Genome assembly, gene function annotation and phylogenetic
analyses
A total of 7,225,123 raw Illumina sequences were obtained, filtered, and
cleaned using the trim_galore program v0.6.7
(https://github.com/FelixKrueger/TrimGalore). Out of these, 7,206,640
sequences, with both pairs preserved, were utilized for genome assembly.
The de novo genome assembly was conducted using the multi-platform
genome assembly pipeline (MpGAP) v3.1, employing Nextflow version
21.10.6 and Masurca version 4.0.5. To assess the quality of the
assembly, Quast version 5.0.2 and Busco version 5.4.2 were employed,
utilizing the Saccharomycetales_odb10 database. The assembly with the
best performance (highest N50 and largest contig size (Kbp)) was then
annotated using the Funannotate pipeline version 1.8.14. Contigs smaller
than 500 base pairs were removed, and repeated sequences were masked
using default settings.
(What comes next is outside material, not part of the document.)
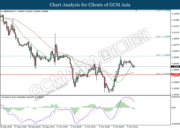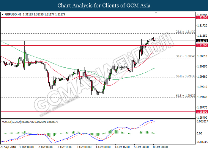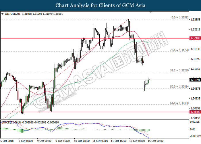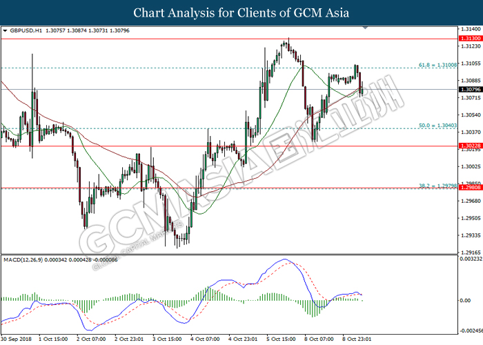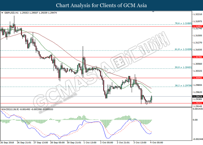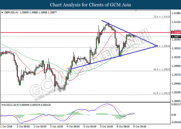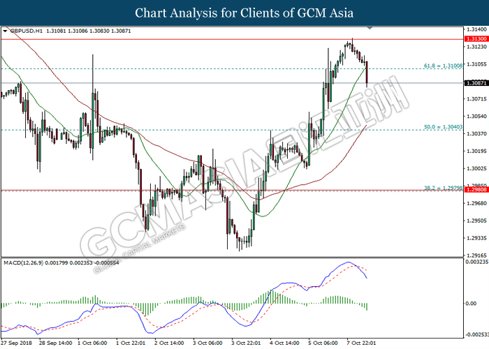 GBPUSD, H1: GBPUSD was traded higher following prior rebound from the support level of 1.3090. MACD which illustrate diminishing downward momentum suggests the pair to be traded higher in short-term as technical correction.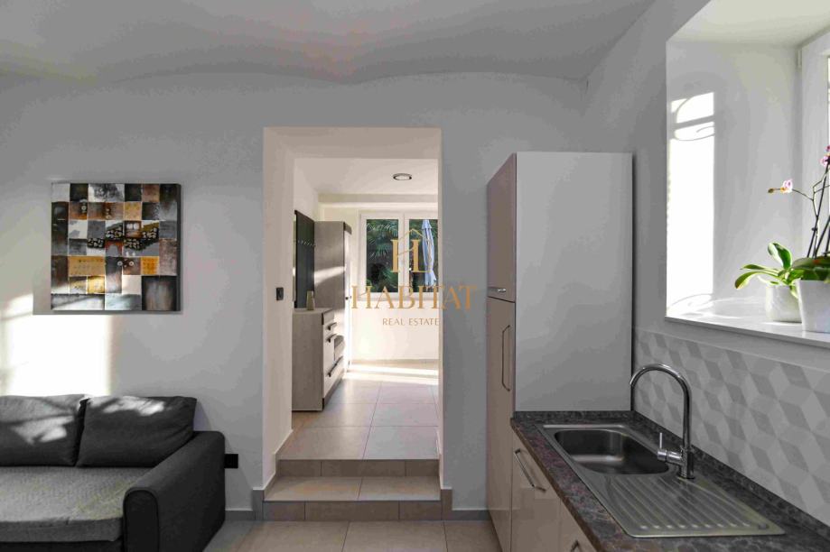 Stan ima zaseban ulaz, a sastoji se od dnevnog boravka, kuhinje i blagovaone, spavaće sobe, kupaone i ostave, te prekrasne terase koja je okružena zelenilom.

Gene prediction was carried out ab initio using
’Augustus’, ’HiQ’, ’GlimmerHMM’, ’snap’, and ’GeneMark’. The prediction
of t-RNAs was performed using tRNAscan-SE v2.0.9, a program included in
Funannotate. For annotation and functional prediction of genes we
utilized InterProScan. KEGG and KofamKOALA web server were used to
predict the gene functions of N. atacamensis ATA-11A-B. The
average nucleotide identity (ANI) between Nakazawaea genomes was
estimated from different available assemblies using OrthoANI (Leeet al. , 2016).
A maximum-likelihood phylogenetic tree (ML) was constructed using a
protein sequence predicted from N. atacamensis and other fourNakazawaea species (N. peltata , N. holstii ,N. ishiwadae , and N. ambrosiae ). The yeast speciesP. tannophilus was used as an outgroup. Ortho-Finder v2.4.1 was
employed to identify orthologous protein groups among these six
different species. Subsequently, a total of 2,422 single-copy orthologs
were identified in all species and aligned using Muscle v3.8.15 (Edgar,
2004). Alignments were concatenated to produce a maximum-likelihood tree
with RAxML v8.2.12 (-f a -x 12345 -p 12345 -# 100 -m PROTGAMMAJTT -k).
The phylogenetic tree was visualized and plotted using iTOL v5.